Because the beaver isn't just an animal; it's an ecosystem!

Tag: Mark Trenholm


 Time for some Oregon-Coho good beaver news, don’t you think?

Native beavers join Oregon wild coho recovery work

This summer marked a flurry of coho salmon habitat restoration work in the headwaters of the Upper Nehalem, with beavers at the heart of the work. Over the past several weeks, twenty-seven beaver dam analogs were constructed in four high priority reaches for coho, steelhead and cutthroat trout. Beaver have already found their way to the newly built analogs, which are like footholds for the beaver to build out into full-fledged dams using their advanced engineering skills.

Beavers and coho restoration go hand and hand. According to Mark Trenholm with the Wild Salmon Center, “Bringing beaver back to selected locations in the upper Nehalem will help restore some key tributaries to better reflect historic conditions that once made the Nehalem a coho stronghold.” By damming up small tributaries, beavers provide shallow, cold water pools where coho can find food and cover from predators.

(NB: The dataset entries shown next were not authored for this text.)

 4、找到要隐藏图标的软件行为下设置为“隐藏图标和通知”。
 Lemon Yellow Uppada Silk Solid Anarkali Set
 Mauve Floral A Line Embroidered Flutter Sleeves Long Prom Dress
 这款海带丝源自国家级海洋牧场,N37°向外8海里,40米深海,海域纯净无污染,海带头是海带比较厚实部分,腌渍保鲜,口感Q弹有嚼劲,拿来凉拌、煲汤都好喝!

These types of off-channel habitats are essential for juvenile coho to survive and grow during the year they spend in freshwater before migrating downstream to the ocean.

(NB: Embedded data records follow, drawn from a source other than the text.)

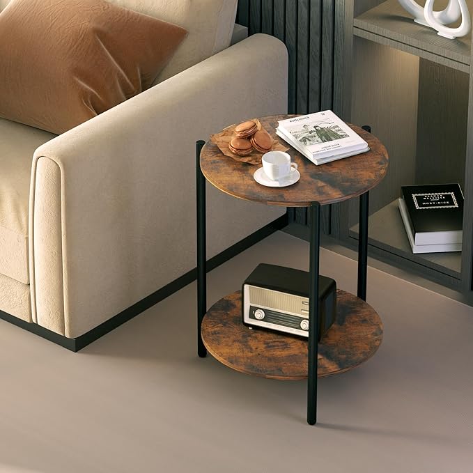 - 【2-Tier Storage】Kasrikly round side table 2-tier open design, perfect for storing books, magazines, and decorative items. The small table measures 15.75"D*21.46"H and has a total weight capacity of up to 40 lbs.
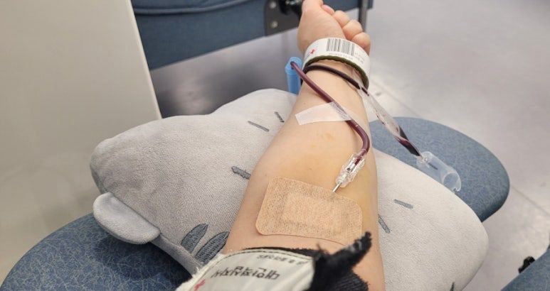 작은 혈액팩이 채워지는 동안 뻐근함, 차가움, 저림 같은 감각이 느껴지면서 갑자기 눈물이 났다. 병동에서 보던 생명의 주머니에 나도 동참하고 있다는 뿌듯함 때문이었다.
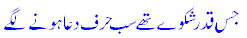 jis qadar shikwe th`e sab Harf-e-du,a'a hone lage 68.
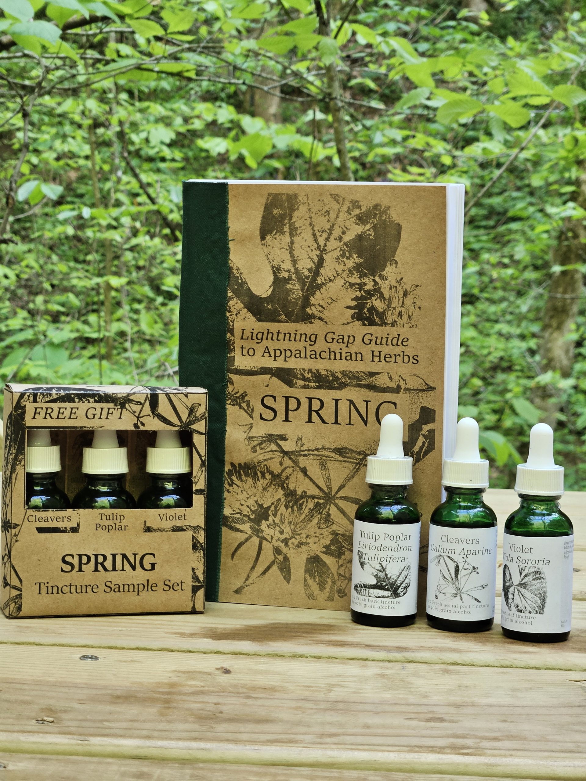 Lightning Gap Guide to Appalachian Herbs: SPRING also comes with a FREE GIFT: A set of three 1oz tinctures (Cleavers, Tulip Poplar and Violet).

Well that seems pretty clear, Although you might have to say a little more about how beavers provide “shallow cool pools” for salmon rearing. Of course I know the answer, but not everyone will.

 Why Coho Are Important: The health of Oregon’s coast coho populations is a vital indicator of the health of our coastal watersheds. These fish are threatened after 150 years of land use on the coast that has altered watersheds and degraded critical coho habitats. Loss of watershed health has impacted local communities through increased flooding, impaired water quality, and less economic activity from commercial and recreational fishing. But restoring coastal river systems is within reach on Oregon’s North Coast, and it is a key step for coho recovery.

See that made the case powerfully. I guess you are more used to explaining why salmon matter than why beavers matter, which is almost always the case. It’s a far easier sell, honestly. But laying out why beavers matter to salmon is an essential building block that we all need to get better at.

I know California will get there eventually. I just hope our understanding about beavers arrives soon enough to make a real difference.